### Data block
+++++
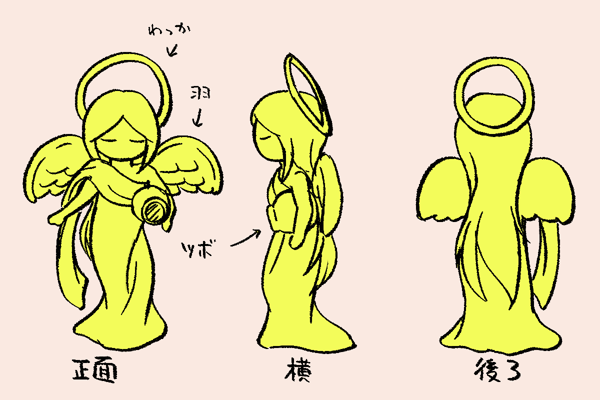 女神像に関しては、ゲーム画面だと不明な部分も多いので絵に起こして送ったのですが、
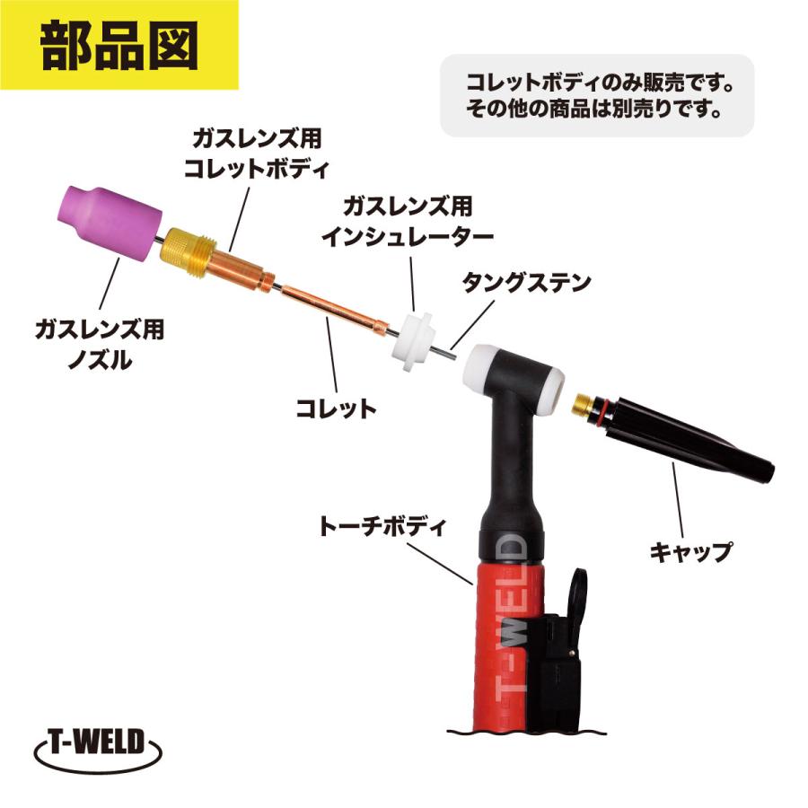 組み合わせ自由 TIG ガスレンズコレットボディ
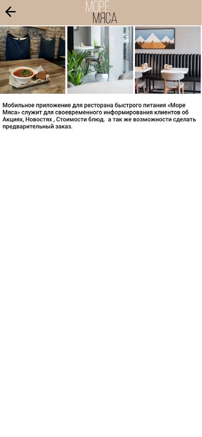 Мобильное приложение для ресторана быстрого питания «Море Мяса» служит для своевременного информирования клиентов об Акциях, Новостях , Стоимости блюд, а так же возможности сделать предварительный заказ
+++++
### Exercise details
Drop the pictures and set down the data above exactly.

### Exercise solution
 女神像に関しては、ゲーム画面だと不明な部分も多いので絵に起こして送ったのですが、
 組み合わせ自由 TIG ガスレンズコレットボディ
 Мобильное приложение для ресторана быстрого питания «Море Мяса» служит для своевременного информирования клиентов об Акциях, Новостях , Стоимости блюд, а так же возможности сделать предварительный заказ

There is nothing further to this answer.